David Rysdam <drysdam@ll.mit.edu> writes:
> Sometimes I want to know if I have any orphans in mags, so I do a query
> like this:
> select signum from lp.Mags where signum is not null and signum not
> in (select lp.Sigs.signum from lp.Sigs)
> (I do this as a subquery because we originally had a old Sybase DB where
> outer joins were a non-standard pain and this way works the same and is
> DBMS-agnostic.)
DBMS-agnostic frequently means "sucks equally badly on all DBMSes" :-(
This query is hard to optimize because of the weird behavior of NOT IN
when nulls are involved. Since you aren't complaining that the query
fails entirely, I'm supposing that lp.Sigs.signum contains no nulls,
but the planner doesn't know that.

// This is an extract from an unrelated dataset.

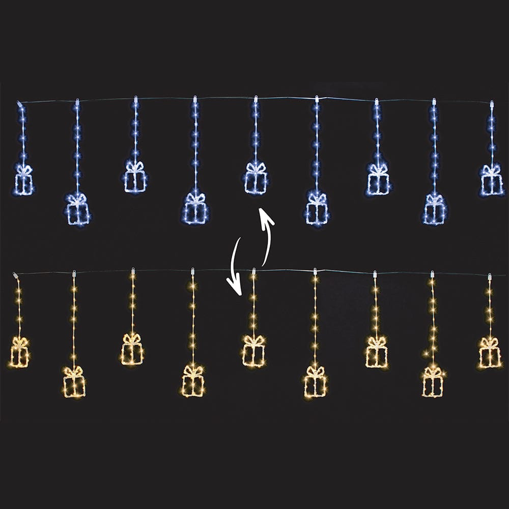 - Dual Colour LED Icicle Strands with Festive Presents on Each Drop

If you can transform it to a NOT
EXISTS, you'll likely get a much better plan:
select signum from lp.Mags where signum is not null and
not exists (select 1 from lp.Sigs where lp.Sigs.signum = lp.Mags.signum)
What you want is an "anti join" plan, or at least a plan that mentions
a "hashed subplan". Plain subplans are death performance-wise, because
they amount to being nestloop joins rather than anything smarter. (In
this case it's likely not choosing a hashed subplan because work_mem is
too small to allow that.)
> I also decided to try doing the query a different way:
> select lp.mags.signum from lp.mags left join lp.sigs on
> lp.mags.signum = lp.sigs.signum where lp.mags.signum is not null
> and lp.sigs.signum is null;
That's another way to get an anti-join (at least on recent PGs, I forget
if 9.0 recognizes it).
> This one runs fast for both of us. So I guess my second question is: why
> can't the query planner tell these are the same query?
They aren't. See comment about behavior with NULLs.
regards, tom lane